When you copy the material below, keep every line exact and omit the pictures.

#### RECORDED DATA:
- - - -
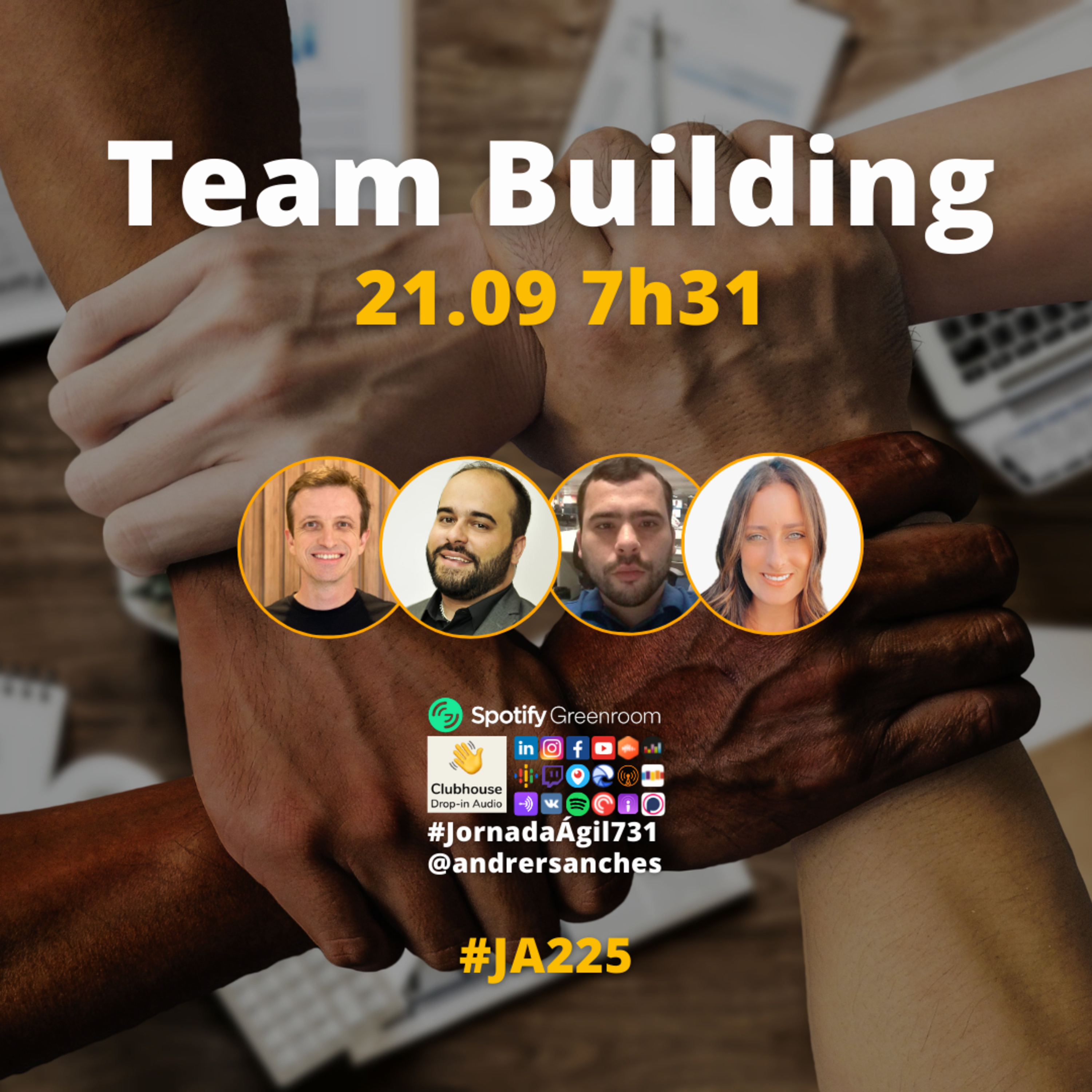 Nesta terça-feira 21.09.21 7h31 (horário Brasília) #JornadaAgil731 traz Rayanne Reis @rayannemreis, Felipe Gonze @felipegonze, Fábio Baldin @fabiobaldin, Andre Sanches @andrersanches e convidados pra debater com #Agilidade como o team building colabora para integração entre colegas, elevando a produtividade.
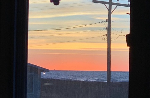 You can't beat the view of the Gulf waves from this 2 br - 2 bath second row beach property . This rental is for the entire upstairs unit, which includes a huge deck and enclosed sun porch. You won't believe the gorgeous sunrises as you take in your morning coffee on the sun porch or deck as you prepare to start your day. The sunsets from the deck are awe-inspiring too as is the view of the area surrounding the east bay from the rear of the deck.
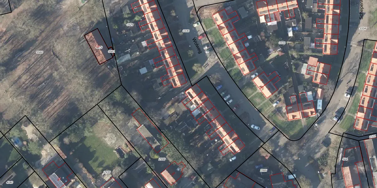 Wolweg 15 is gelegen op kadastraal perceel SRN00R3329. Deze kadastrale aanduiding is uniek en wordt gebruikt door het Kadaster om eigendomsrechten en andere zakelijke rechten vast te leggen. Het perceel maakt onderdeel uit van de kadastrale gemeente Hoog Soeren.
- - - -
#### RESULT OF THIS EXERCISE:
 Nesta terça-feira 21.09.21 7h31 (horário Brasília) #JornadaAgil731 traz Rayanne Reis @rayannemreis, Felipe Gonze @felipegonze, Fábio Baldin @fabiobaldin, Andre Sanches @andrersanches e convidados pra debater com #Agilidade como o team building colabora para integração entre colegas, elevando a produtividade.
 You can't beat the view of the Gulf waves from this 2 br - 2 bath second row beach property . This rental is for the entire upstairs unit, which includes a huge deck and enclosed sun porch. You won't believe the gorgeous sunrises as you take in your morning coffee on the sun porch or deck as you prepare to start your day. The sunsets from the deck are awe-inspiring too as is the view of the area surrounding the east bay from the rear of the deck.
 Wolweg 15 is gelegen op kadastraal perceel SRN00R3329. Deze kadastrale aanduiding is uniek en wordt gebruikt door het Kadaster om eigendomsrechten en andere zakelijke rechten vast te leggen. Het perceel maakt onderdeel uit van de kadastrale gemeente Hoog Soeren.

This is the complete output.